For example, the machine error information may be provided from the
processor 105, the bus 115, or the memory 110. It should be
understood that the term "poisoned data" is a hardware mechanism
used in the Intel platform (of Intel Corporation of Santa Clara,
Calif.) to indicate a portion of memory has been corrupted. Any
read to that poisoned memory may generate an MCA and this is a way
of containing the error. However, embodiments of the invention are
not limited to the Intel platform, and one of ordinary skill in the
art will recognize that embodiments of the invention may be used to
perform similar methods on alternative platforms.
[0025] In one embodiment, received machine error information, due
to reading poisoned data, will be signaled before the use of the
load. For example, in the code sequence below:
1 LabelA: Ld8 r15 = [r16]; LabelB: Mov r17 = r18; LabelC: Add r19 =
r20, r21; . . . . . . LabelD: Mov r22 = r15 // an MCA is signaled
// before this // instruction
[0026] If the data pointed to by general register 16 is poisoned,
an MCA will surface at any point during the interval from
instruction LabelA through instruction LabelD before the data is
consumed at instruction LabelD.
[0027] In other examples, the hardware device may report a
multi-bit error in data loaded from memory as local MCAs. Memory
reads may occur due to instruction fetches or data loads. Data
loads may also occur during stores if the processor uses
write-allocate caching.
[0028] At block 320, the operating system 225 checks the machine
error information to determine if a memory read error has occurred
and whether the error was successfully contained. When a memory
read error occurs and the hardware errors are successfully
contained, the memory read error is assumed to have surfaced before
the register consumptions (e.g., before LabelD above). Therefore,
by checking the machine error information, the operating system
assumes the errors are successfully contained within the affected
application program thread. In one embodiment, whether the error is
successfully contained within the affected thread is known because
the context switch code has the fencing operation (consuming all
the registers) before switching to another thread.
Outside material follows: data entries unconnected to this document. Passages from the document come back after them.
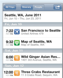
Create itineraries for travelers in an instant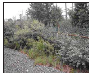
Overgrown bushes and trees obscure fences.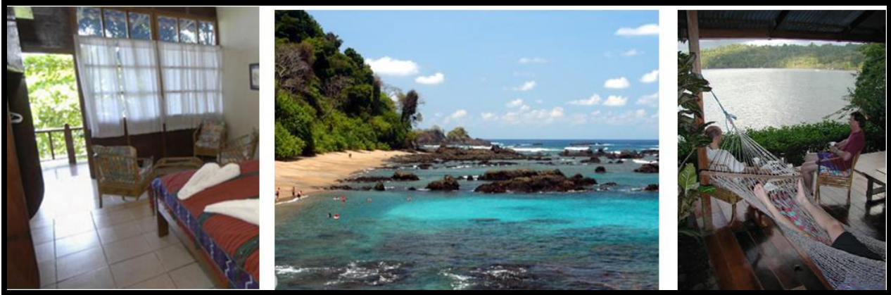
March 9, 10: Hotel Punta Leona

[0029] If a memory read error has occurred and was successfully
contained, control passes to block 330. If a memory read error has
occurred and was not successfully contained, control passes to
block 325. At block 325, the operating system initiates a process
to shutdown the software system 200. The operating system initiates
the shutdown in order to minimize further damage (e.g., avoid
further propagation of the error).
[0030] At block 330, the operating system checks the machine error
information for the operation mode of the affected application
program thread. For example, the machine error information may
contain an interrupted processor status register value and the
privilege level of the interrupted context is a field within this
register.
[0031] The operating system 225 can use the operation mode of the
interrupted context to decide whether an application or the kernel
consumed the data. When the operation mode of the application
program thread 205 is in the user operation mode, control passes to
block 340.
[0032] When the operation mode of the application program thread of
the application program 205 is in the kernel operation mode,
control passes block 335. At block 335, the operating system 225
initiates a shutdown of the entire software system 200. This is
because it is difficult for the operating system to safely
terminate the kernel thread, as the kernel execution has
system-wide impact.
[0033] At block 340, the operating system terminates the affected
application program thread and recovers from the error. Since the
affected application thread occurred while in the user operation
mode, the operating system 225 may conclude that the affected
thread was an application and terminate it. The operating system
225 carries the current thread pointer in its data structures,
which is used to terminate the thread.
[0034] In one embodiment, the operating system determines the
appropriate recovery actions using the physical address of the bad
memory location. The page with poisoned memory may be private to
the application, shared by multiple applications, or shared between
the application and the operating system. If the operating system
maintains data structures indicating the shared information on a
physical page basis, it could terminate all the applications
sharing the poisoned memory page. Whether or not all such
applications need to be terminated is an operating system policy
decision.
[0035] It should be appreciated that, by identifying the operation
mode of the affected thread, the operating system 225 avoids always
terminating the entire system after receiving a hardware data
error, as described above. This should not be confused with the
termination of an application program upon an occurrence of an
application software error (e.g., caused by a programming error or
software bug) within the application software.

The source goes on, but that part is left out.